**Aim of the task**: Wherever pictures appear in the listing below, leave them out, and copy exactly, and only, everything from the line with "项目主打约130-180㎡全" down to the line with "스노우피크의 캠프 기어를".

---

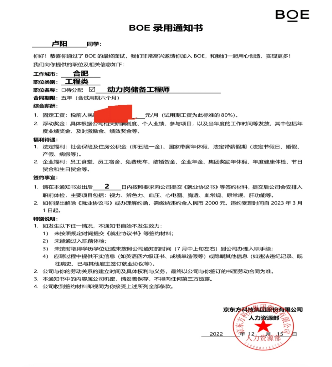 我是beat365正版唯一入口必一2023届能源与动力工程专业的丁悦,我高中毕业于六安市金寨县第一中学。大四下被上海拜特能测控有限公司优录,转正月薪9K,试用期7K,在企业主要从事测试系统研发与调试。我能成功找到心仪的工作,得益于大学在校期间对专业课的悉心学习以及加入实验室的强化锻炼。我大二上就加入学校双创学院卓越实验室,通过在实验室的不断学习和交流,我和同学们自主完成了一项省级大创项目,并成功获得挑战杯省级奖项,也获得了十余项校级荣誉证书。在实验室期间让我充分感受到创新的活力和伙伴们的热情,得益于学校双创学院的培养和教诲,才让我有如此大的创新热情。感谢学校对学生的悉心培养,也感谢双创学院导师的全天候陪伴。祝愿母校beat365正版唯一入口必一越来越好,老师们工作顺意!
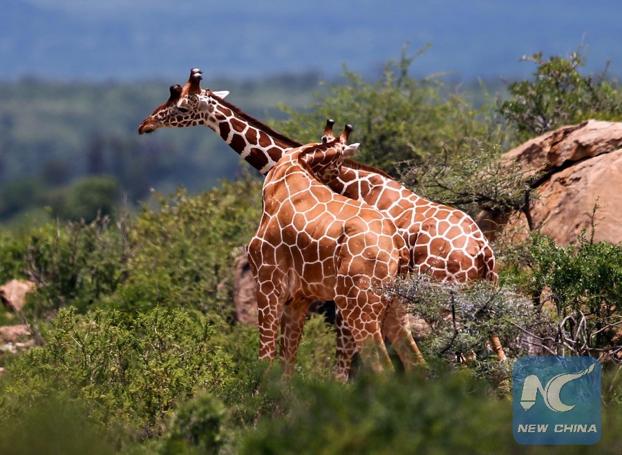 Two reticulated giraffes fight each other at Samburu National Reserve, north of Kenya, April 20, 2013. The Samburu National Reserve is located in northern Kenya with 165 square kilometers in size. It attracts animals because of the Ewaso Ng'iro river that runs through it and the mixture of acacia, riverine forest, thorn trees and grassland vegetation. Grevy's zebra, gerenuk, reticulated giraffes and beisa oryx here are more than those in other regions of the country. Besides, the reserve is also home to lion, crocodile. baboon, elephant and hundreds of species of birds. (Xinhua/Meng Chenguang)
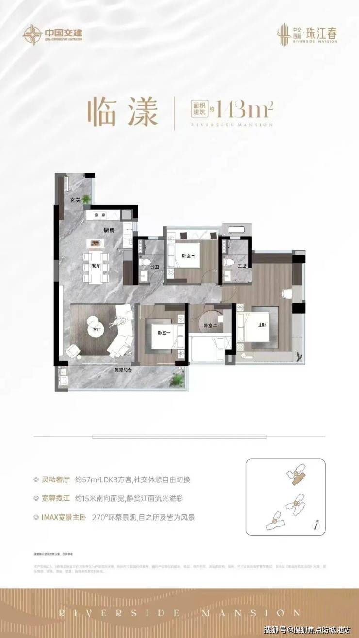 项目主打约130-180㎡全景瞰江臻宅,以“宽幕江景”为设计核心,实现户户朝南、点式布局,最大化江景视野。户型设计兼顾功能性与舒适性:
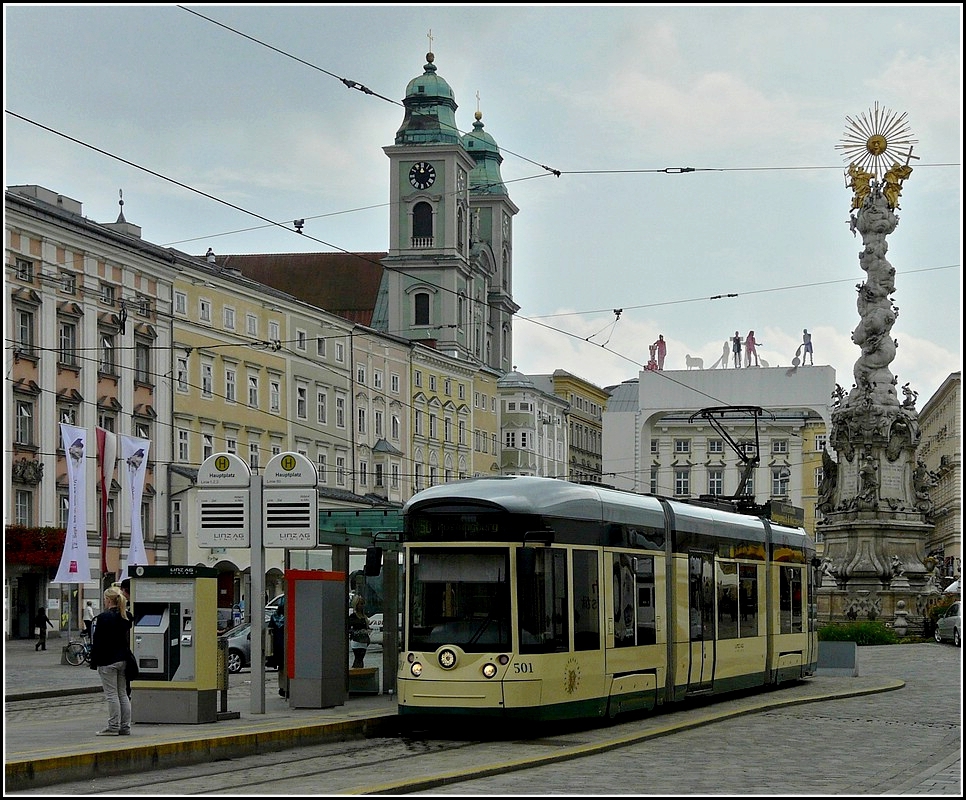 Der schöne nostalgische Wagen 501 der Pöstlingbergbahn harmoniert hervorragend mit dem Stadtbild am Hauptplatz in Linz. 14.09.2010 (Jeanny)
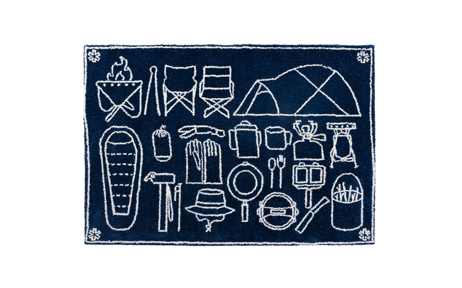 스노우피크의 캠프 기어를 자카드 원단에 표현한, 대형 플로어 러그. 성인 2명도 사용 가능한 치수로 공간 연출에 적합 사이즈입니다. ※ 실내용 제품입니다. 야외 사용은 삼가해 주십시오.
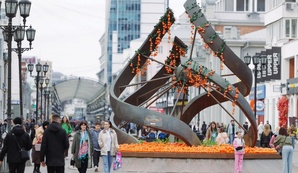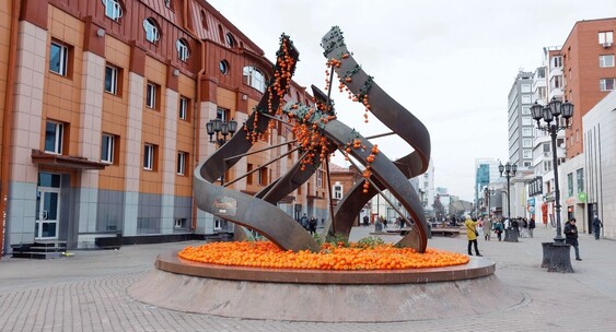В Екатеринбурге фонтан «Спираль времени» на улице Вайнера украсили хурмой. Необычный арт-объект появился накануне выхода музыкальной комедии «Королек моей любви». Фильм, атмосфера которого вдохновлена Болливудом, выйдет 1 апреля.
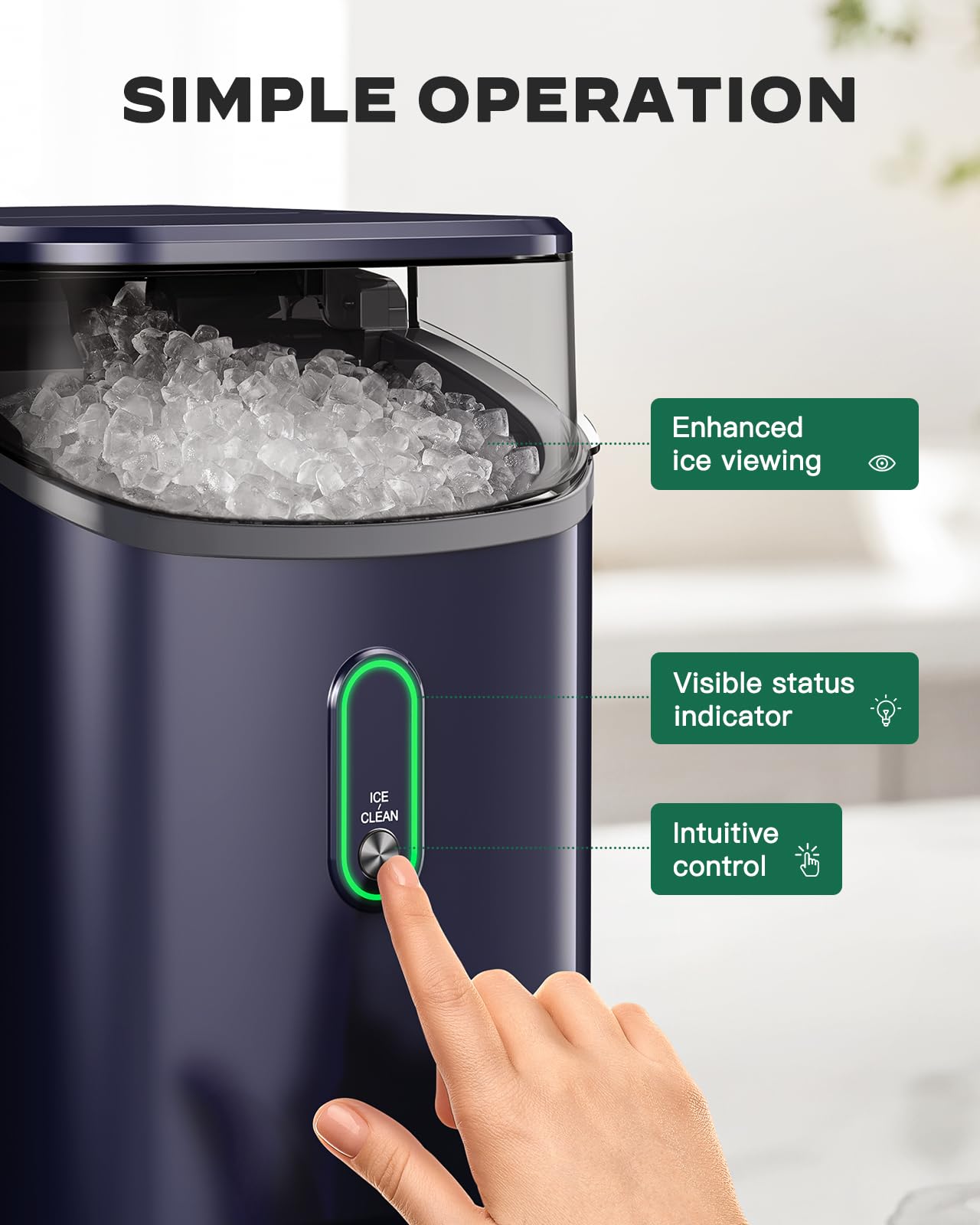Intuitive Control and Clear Status: The control button and status indicator are positioned prominently on the front for easier access and visibility. See status at a glance, with no need to walk over and check

---

**Result below**:
 项目主打约130-180㎡全景瞰江臻宅,以“宽幕江景”为设计核心,实现户户朝南、点式布局,最大化江景视野。户型设计兼顾功能性与舒适性:
 Der schöne nostalgische Wagen 501 der Pöstlingbergbahn harmoniert hervorragend mit dem Stadtbild am Hauptplatz in Linz. 14.09.2010 (Jeanny)
 스노우피크의 캠프 기어를 자카드 원단에 표현한, 대형 플로어 러그. 성인 2명도 사용 가능한 치수로 공간 연출에 적합 사이즈입니다. ※ 실내용 제품입니다. 야외 사용은 삼가해 주십시오.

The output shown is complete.